I’ve mentioned that Venancio was my friend. He wasn’t someone I spent lots of time with, I never did any agricultural work with him, his kids are adults and even his grandchildren have graduated from elementary school. He was a typically sturdy fellow in his mid-60’s, who could easily have lived another 10 or 15 years if not for his sudden accident. But I can say that he always seemed happy to see me, always gave me a warm greeting, and always invited me to a drink if he was drinking. He lived his whole life in Tolte, although some of his children migrated to the United States. And thinking of him makes me appreciate the importance of living a positive, ordinary life, being a good and cheerful family and community member, and brightening someone’s day with a hearty “Buenos Dias.” My exotic life here in Tolte is entirely dependent on my neighbors’ embrace of these ordinary virtues, which contribute so much to the sum of happiness in the world. And I deeply regret that Venancio cannot enjoy these things any more.

This was Wednesday, Feb. 13, and by Monday, 25 of us were studying first aid with Noe Zuniga, a trainer from the Red Cross. Noe is a fascinating character. He grew up poor in a rural area near Riobamba, and left home when he graduated from elementary school. He found work as a ticket taker on a bus, an excellent entry level job when he was a kid. The bus driver sort of adopted him, and helped him finish high school. Noe eventually finished college degrees in both nursing and paramedicine, and has gone to the United States to participate in training at the invitation of the Red Cross. He speaks Kichwa, Spanish, and English, and is completely happy with where life has taken him. He is also an excellent trainer, and spending 8 afternoons with him was a great experience for me. I re-learned many of the things I learned in an EMT course 25 years ago, and did some things I didn’t think I could do, including intramuscular and intravenous injections, things they don’t even teach you in EMT school. But out here in the rural zone, we might have to do these things to save someone’s life. We will actually be receiving equipment from Avanti, thanks to a grant from the British Embassy, that will provide us with all sorts of life-saving equipment that we never had before, but now actually know how to use. Since the nearest hospital is in Chunchi, 15 to 20 minutes away by car, these skills and equipment really could save someone’s life. The graduates of the program are going to meet once a week to review what we have learned, and I think this will be an important way to create a really unified community organization.
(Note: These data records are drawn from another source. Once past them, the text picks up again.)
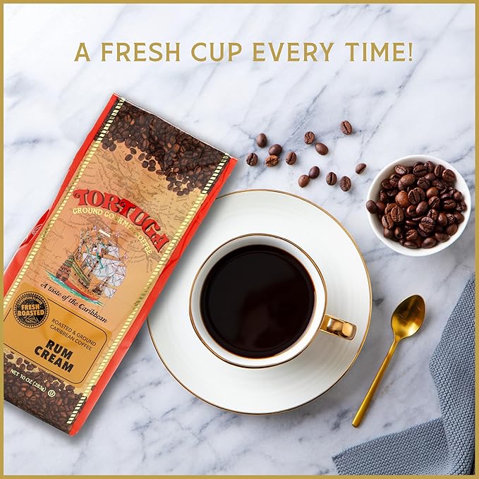 - RUM CREAM BLEND COFFEE: Tortuga's ground coffee adds the flavor of the Caribbean in a cup. A rich roast coffee flavored with 100% Arabica beans that will bring a bold, delicious flavor that is incredible enjoyable. Ready to go for the simple convenience of pre-ground coffee.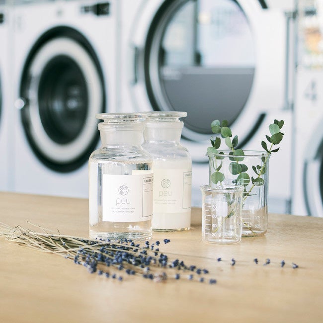 「衣類に、肌に、環境に優しく」をコンセプトとして、ヤシ油由来の原料から開発したバルコオリジナルの洗剤・柔軟剤『peu』で洗い、乾燥します。『peu』は洗剤成分が繊維に残りにくいため、素材の風合いを損ねることなく、洗濯物をすっきりと洗い上げます。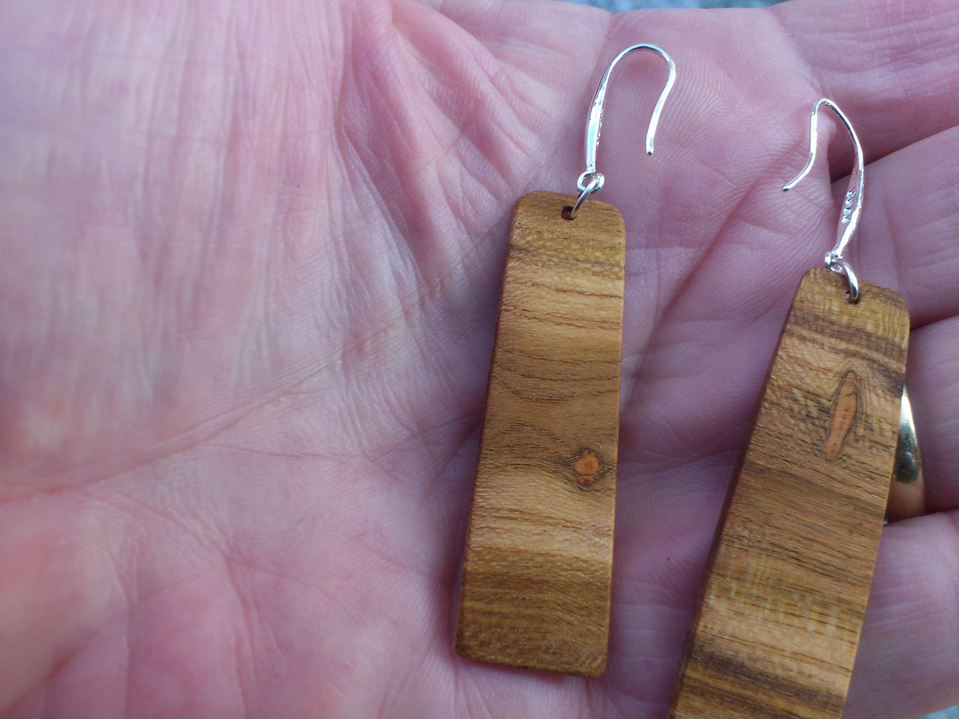 Vorheriges BildNächstes Bild Ohrringe aus geschliffenem und poliertem Pflaumenholz Ohrringe aus geschliffenem und poliertem Pflaumenholz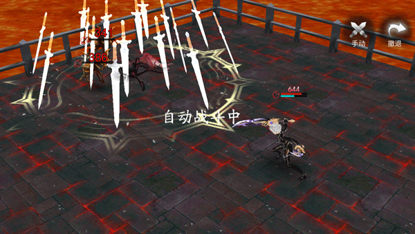 2、左边的转盘控制角色的行动,右边的攻击键可以攻击敌人,还可以开启自动战斗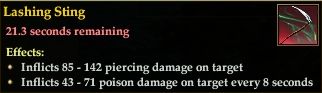 Lashing Sting 76,461 pages on this wiki Edit Edit source History Talk 0 Lashing Sting EQ2: Monster Spell Information Category (Target) DOT ( Enemy ) Casting Time Instant Recast time Instant Duration 25 seconds Inflicts 85-142 piercing damage on target Inflicts 43-71 poison damage on target every 8 seconds
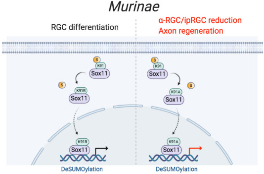 Figure 1. DeSUMOylation of Sox11 by lysine 91 (K91) mutation promotes RGC differentiation and axon regeneration but reduces α-RGC and ipRGC expression in Murinae.ipRGC: Intrinsically photosensitive retinal ganglion cell; Sox: SRY-related HMG-box; SUMO: small ubiquitin-like modifier. Created with BioRender.com.
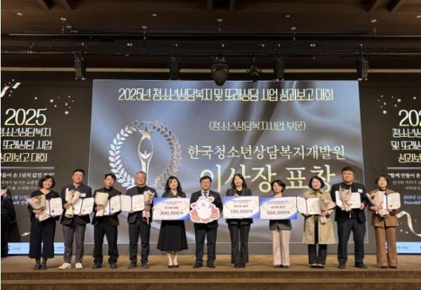 이번 수상은 성평등가족부 산하 한국청소년상담복지개발원이 전국 청소년상담복지센터를 대상으로 실시한 2024년도 종합평가 결과를 바탕으로 진행됐다. ‘2024년 종합평가 우수센터 1:1 맞춤형 코칭 프로그램’ 멘토센터로서 상담복지 운영 노하우와 사례를 전수하며 지역 간 역량 균형을 도모한 점에 대해 평가했다.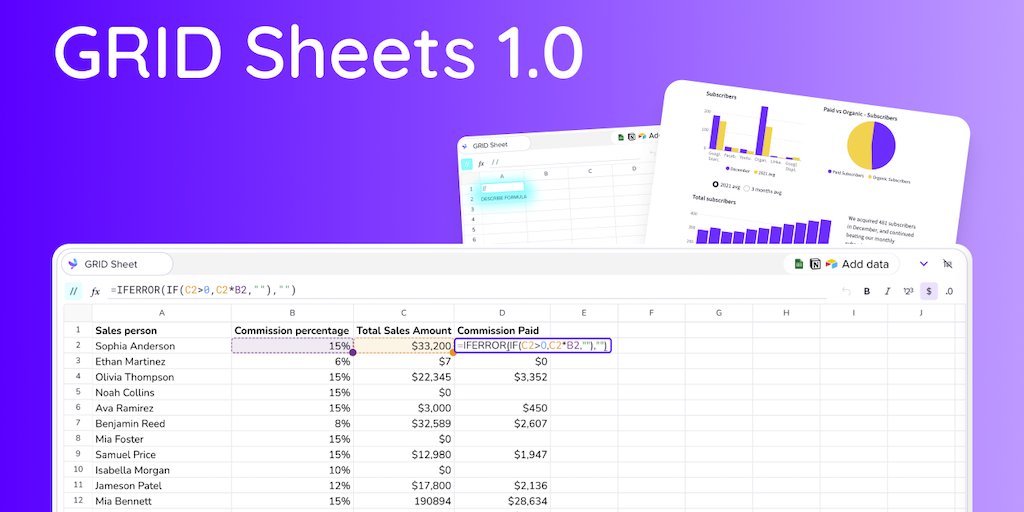 GRID is the magical hybrid of a smart spreadsheet & a text editor. We're happy to announce that GRID Sheets, our built-in spreadsheet editor is now out of beta! ✨ AI formula assistance powered by GPT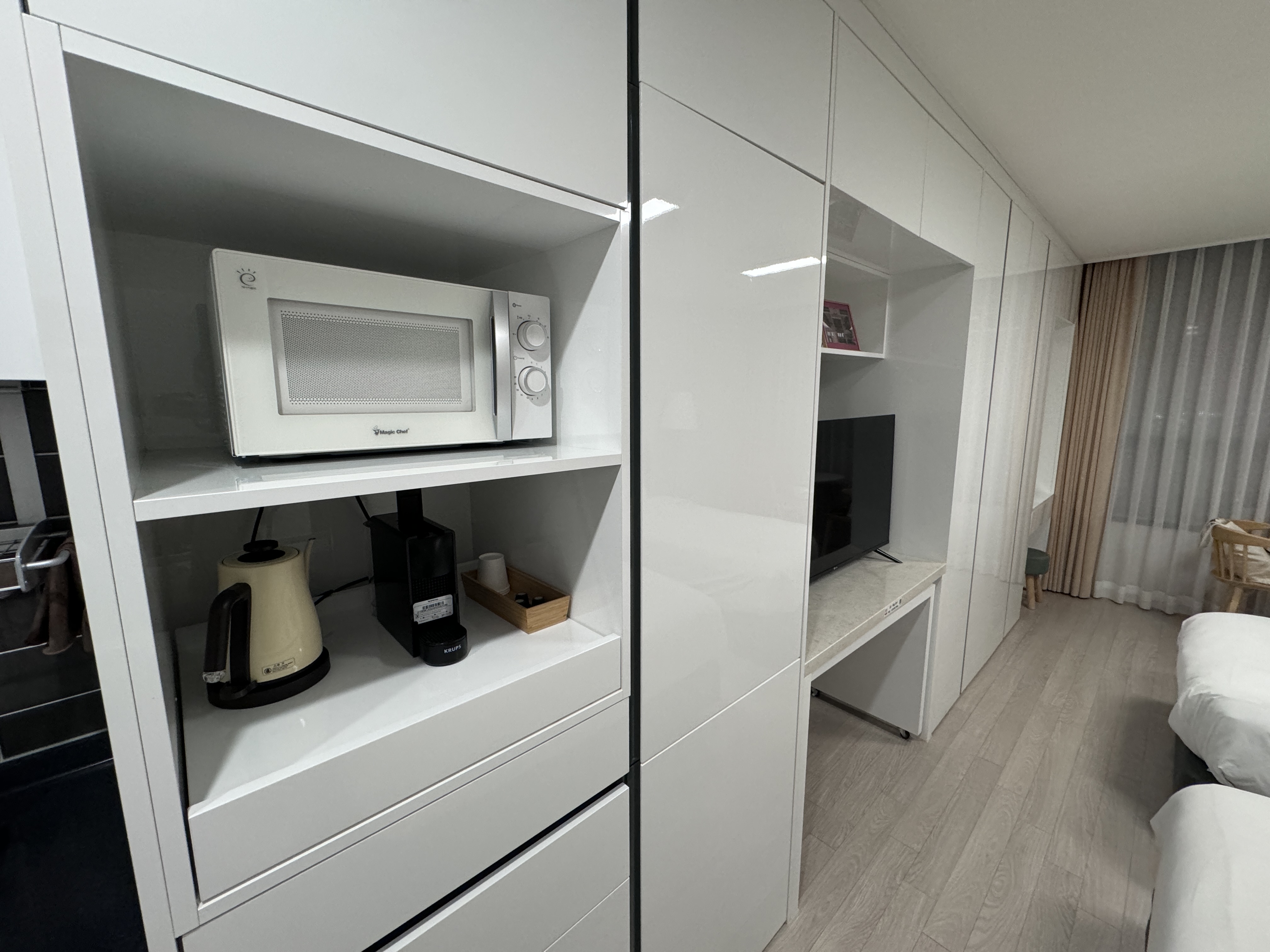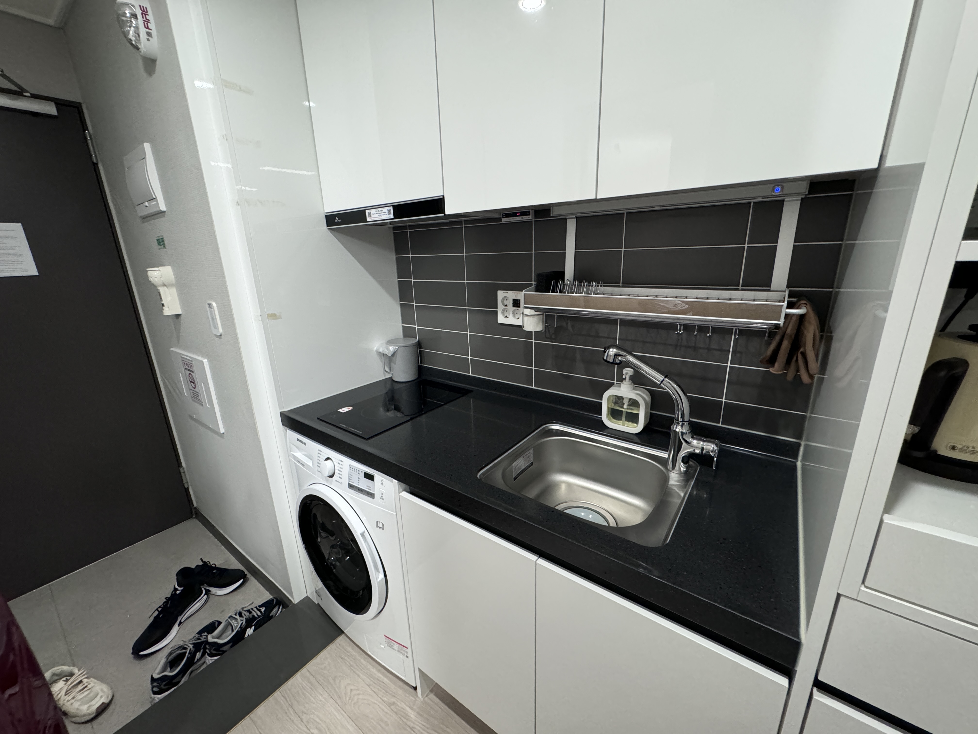 더스테이송도 오피스텔 형식의 숙소여서 안에 세탁기와 TV, 싱크대, 인덕션, 커피포트, 냉장고등이 갖추어져있다.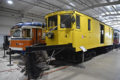 Pennsylvania Trolley Museum snow sweeper 4, ex. Southeastern Pennsylvania Transportation Authority 4 1970-1988, exx. Philadelphia Suburban Transportation 4 1936-1970, nee Philadelphia and West Chester 4 1922-1936 built by McGuire-Cummings in 1922. It was purchased following the terrible winter weather that befell southeastern Pennsylvania in January 1922 when passengers were left stranded along the West Chester line for up to 20 hours while traction crews worked to open the line. The lack of robust snow fighting equipment prompted this car's purchase.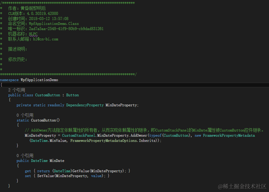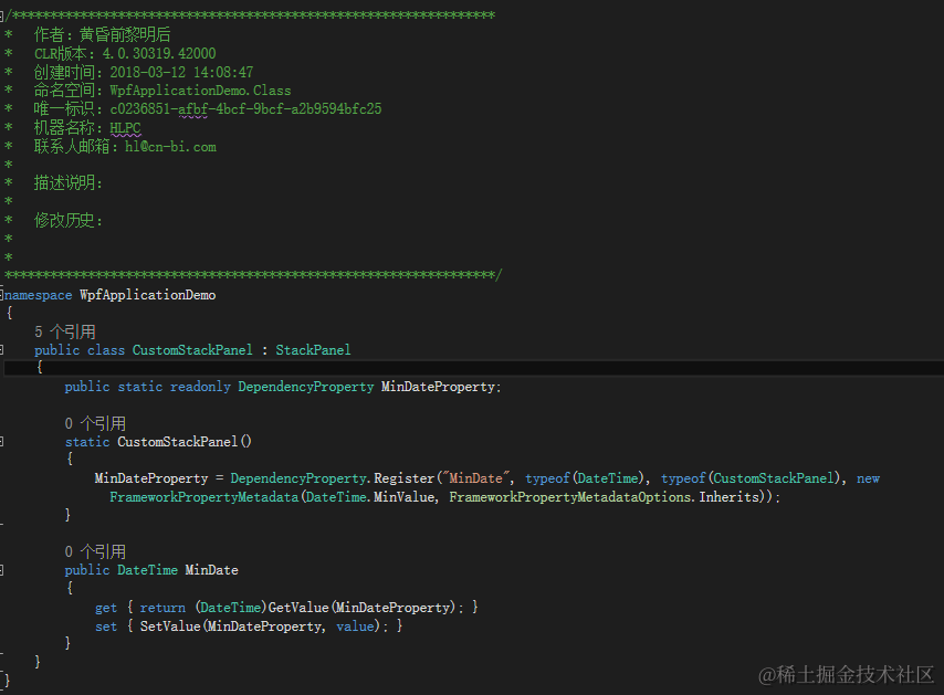 既然说WPF中绝大多数的属性都是依赖项属性,我看了一下依赖属性怎么进行创建。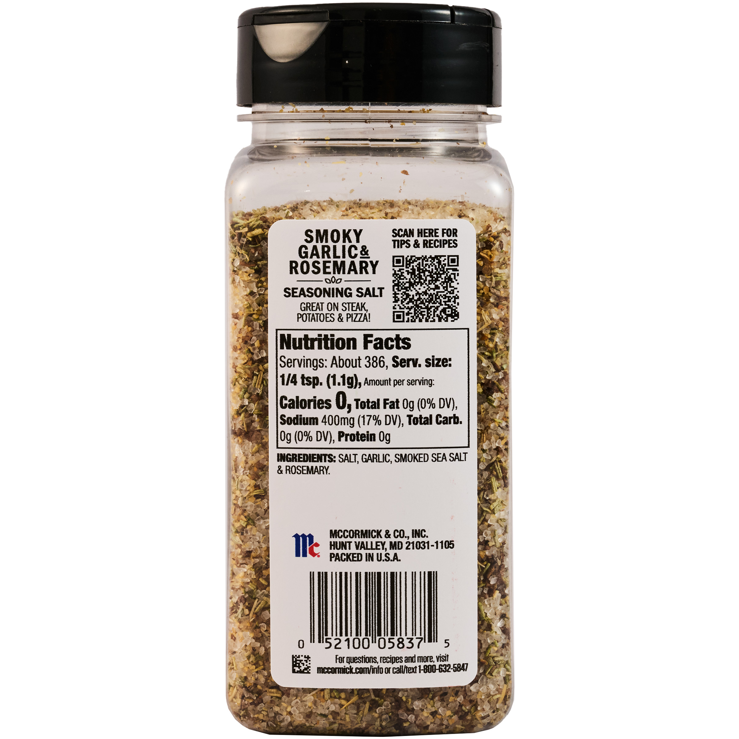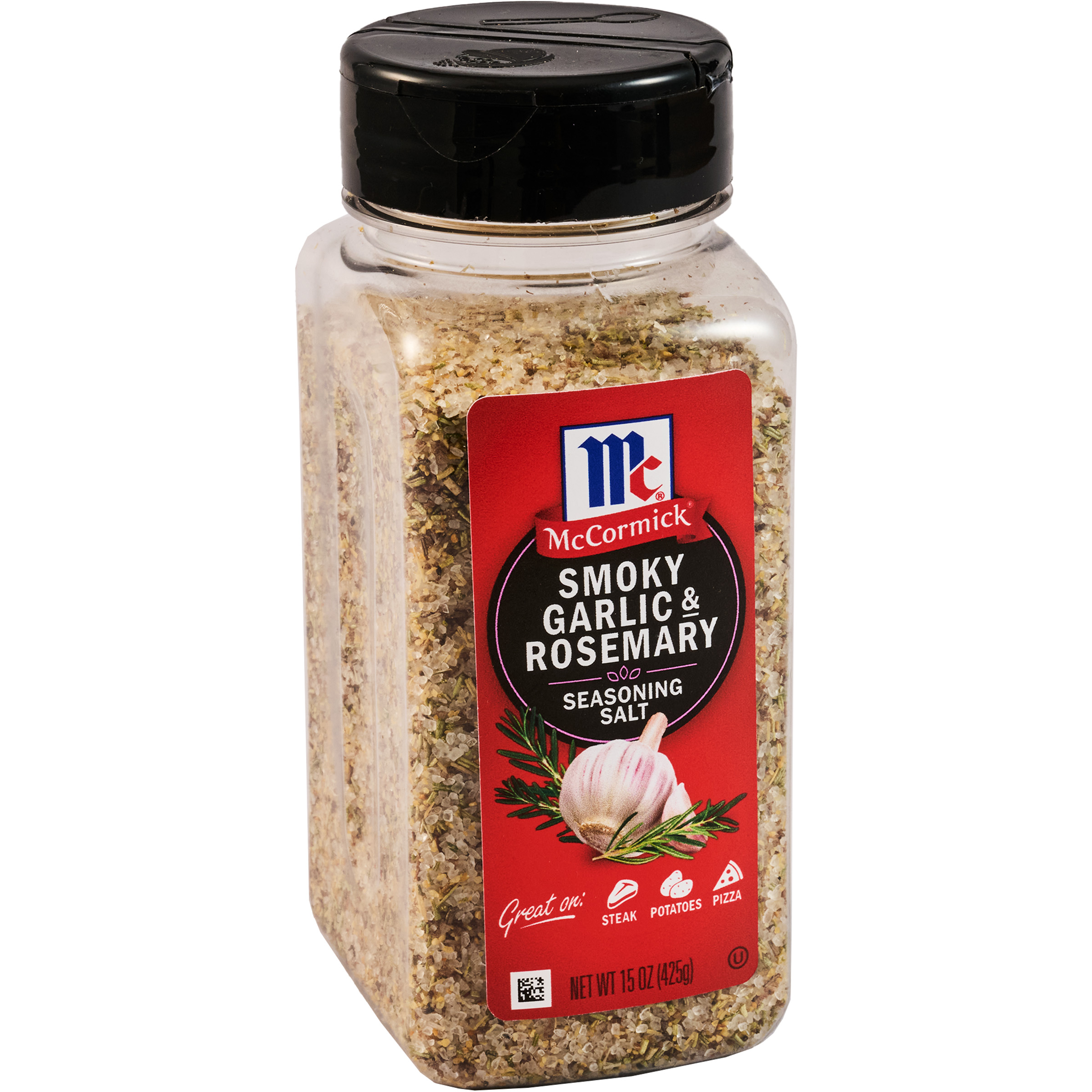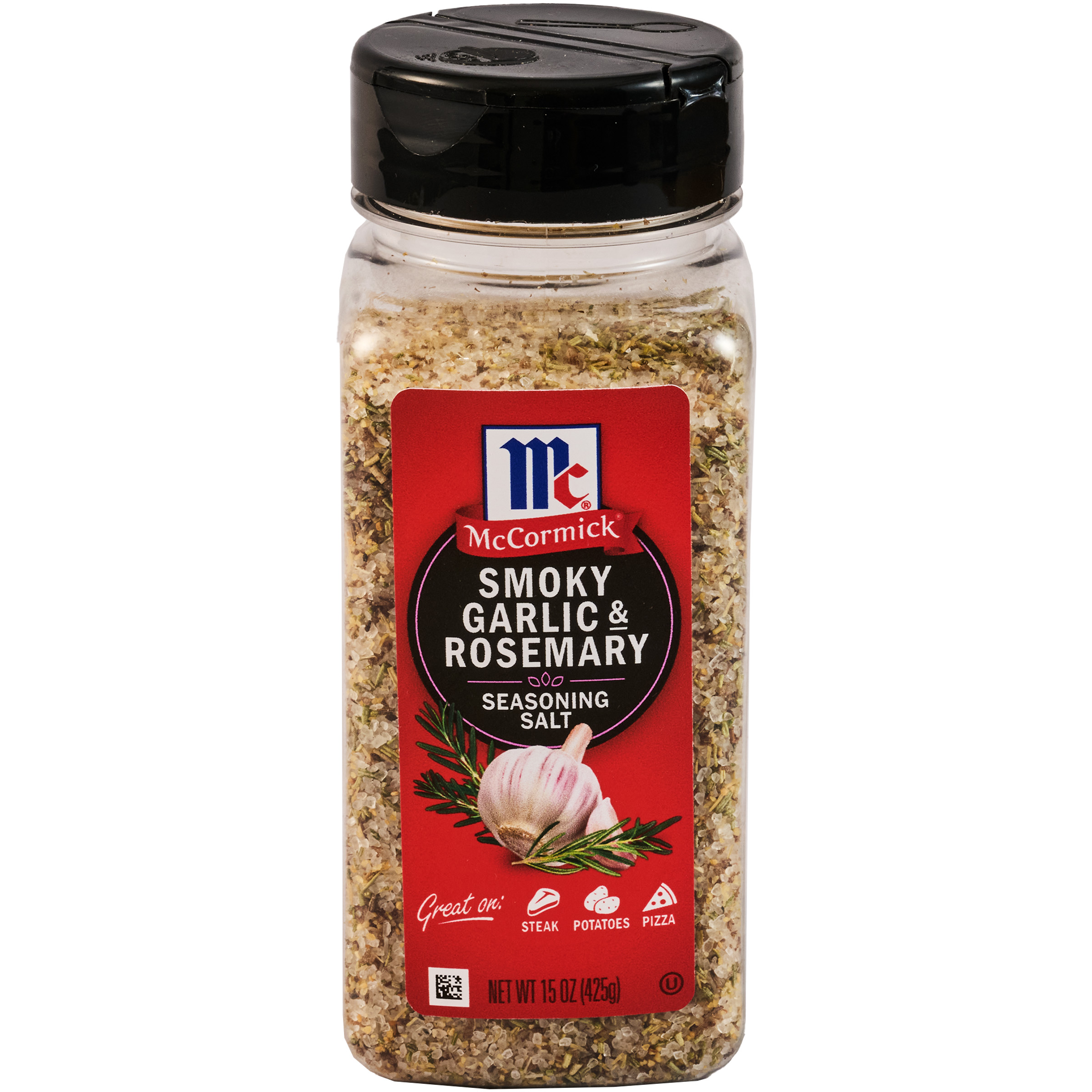 | Extra Long Description | Looking for an easy, delicious way to upgrade everyday meals? McCormick® Smoky Garlic & Rosemary Seasoning Salt is the answer. This robust mix includes garlic, smoked sea salt, and rosemary for the perfect pop of savory flavor. From steak and potatoes, to pizza, grilled chicken, and veggies, there's no wrong way to enjoy this convenient seasoning salt. Mix into olive oil and serve with crusty bread for an elevated dipping oil or enjoy as a garnish for spaghetti topped with pasta sauce and a side of Italian bread. For fool-proof flavor sprinkle this seasoning salt all over … everything! Our convenient 15 oz bottle size is great for families who love having delicious flavor always on hand. |

Now we have been back in school for a couple of weeks, and I am probably in my last quimestre as Tolte’s English teacher. It does not appear that Avanti will have the funds to keep me going. Perhaps this is just as well. I think it would be hard to face the school day without the present seventh grade, who will graduate in July and go on to Colegio.  I may investigate the possibility of teaching English in Chunchi, which could keep me in contact with them next year. I have also asked for work with the Ministry of Agriculture, and am looking into other volunteer possibilities similar to what I do now. Everything that I have needed in Ecuador has always turned up, and I imagine my next job is hiding just around the corner. We’ll have to see what happens.